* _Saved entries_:
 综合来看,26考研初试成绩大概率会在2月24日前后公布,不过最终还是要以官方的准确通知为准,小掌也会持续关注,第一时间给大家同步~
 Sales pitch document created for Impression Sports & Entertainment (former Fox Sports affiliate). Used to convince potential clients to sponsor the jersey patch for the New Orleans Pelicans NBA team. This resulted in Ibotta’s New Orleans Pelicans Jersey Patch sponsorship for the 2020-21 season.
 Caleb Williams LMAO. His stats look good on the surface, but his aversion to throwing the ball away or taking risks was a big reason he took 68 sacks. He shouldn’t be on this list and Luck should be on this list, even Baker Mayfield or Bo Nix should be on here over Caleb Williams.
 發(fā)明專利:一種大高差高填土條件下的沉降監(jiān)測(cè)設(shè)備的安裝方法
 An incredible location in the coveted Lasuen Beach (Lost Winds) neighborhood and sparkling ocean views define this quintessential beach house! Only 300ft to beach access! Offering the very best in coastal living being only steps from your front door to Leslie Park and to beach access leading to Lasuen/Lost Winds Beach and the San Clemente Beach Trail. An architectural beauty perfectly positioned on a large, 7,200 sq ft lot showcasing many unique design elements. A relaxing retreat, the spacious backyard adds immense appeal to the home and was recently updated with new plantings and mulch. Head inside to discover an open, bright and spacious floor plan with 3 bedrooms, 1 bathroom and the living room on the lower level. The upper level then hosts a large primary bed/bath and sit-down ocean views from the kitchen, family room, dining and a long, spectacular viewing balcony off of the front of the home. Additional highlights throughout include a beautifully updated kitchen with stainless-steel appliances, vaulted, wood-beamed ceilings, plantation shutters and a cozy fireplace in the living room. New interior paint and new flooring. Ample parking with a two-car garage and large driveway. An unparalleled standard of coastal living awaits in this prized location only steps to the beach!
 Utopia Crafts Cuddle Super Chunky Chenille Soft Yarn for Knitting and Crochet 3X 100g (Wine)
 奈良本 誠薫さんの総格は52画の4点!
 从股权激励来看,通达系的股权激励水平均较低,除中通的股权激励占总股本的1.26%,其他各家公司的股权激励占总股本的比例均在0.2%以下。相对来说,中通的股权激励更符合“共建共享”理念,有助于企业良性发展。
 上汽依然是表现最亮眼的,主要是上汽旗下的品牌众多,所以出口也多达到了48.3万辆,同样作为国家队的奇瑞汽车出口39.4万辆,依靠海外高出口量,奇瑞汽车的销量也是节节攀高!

* _WORK ORDER_: All lines from the one containing "發(fā)明專利:一種大高差" through the last line of the data must be set down exactly. No other lines belong in the answer.

* _RESPONSE AREA_:
 發(fā)明專利:一種大高差高填土條件下的沉降監(jiān)測(cè)設(shè)備的安裝方法
 An incredible location in the coveted Lasuen Beach (Lost Winds) neighborhood and sparkling ocean views define this quintessential beach house! Only 300ft to beach access! Offering the very best in coastal living being only steps from your front door to Leslie Park and to beach access leading to Lasuen/Lost Winds Beach and the San Clemente Beach Trail. An architectural beauty perfectly positioned on a large, 7,200 sq ft lot showcasing many unique design elements. A relaxing retreat, the spacious backyard adds immense appeal to the home and was recently updated with new plantings and mulch. Head inside to discover an open, bright and spacious floor plan with 3 bedrooms, 1 bathroom and the living room on the lower level. The upper level then hosts a large primary bed/bath and sit-down ocean views from the kitchen, family room, dining and a long, spectacular viewing balcony off of the front of the home. Additional highlights throughout include a beautifully updated kitchen with stainless-steel appliances, vaulted, wood-beamed ceilings, plantation shutters and a cozy fireplace in the living room. New interior paint and new flooring. Ample parking with a two-car garage and large driveway. An unparalleled standard of coastal living awaits in this prized location only steps to the beach!
 Utopia Crafts Cuddle Super Chunky Chenille Soft Yarn for Knitting and Crochet 3X 100g (Wine)
 奈良本 誠薫さんの総格は52画の4点!
 从股权激励来看,通达系的股权激励水平均较低,除中通的股权激励占总股本的1.26%,其他各家公司的股权激励占总股本的比例均在0.2%以下。相对来说,中通的股权激励更符合“共建共享”理念,有助于企业良性发展。
 上汽依然是表现最亮眼的,主要是上汽旗下的品牌众多,所以出口也多达到了48.3万辆,同样作为国家队的奇瑞汽车出口39.4万辆,依靠海外高出口量,奇瑞汽车的销量也是节节攀高!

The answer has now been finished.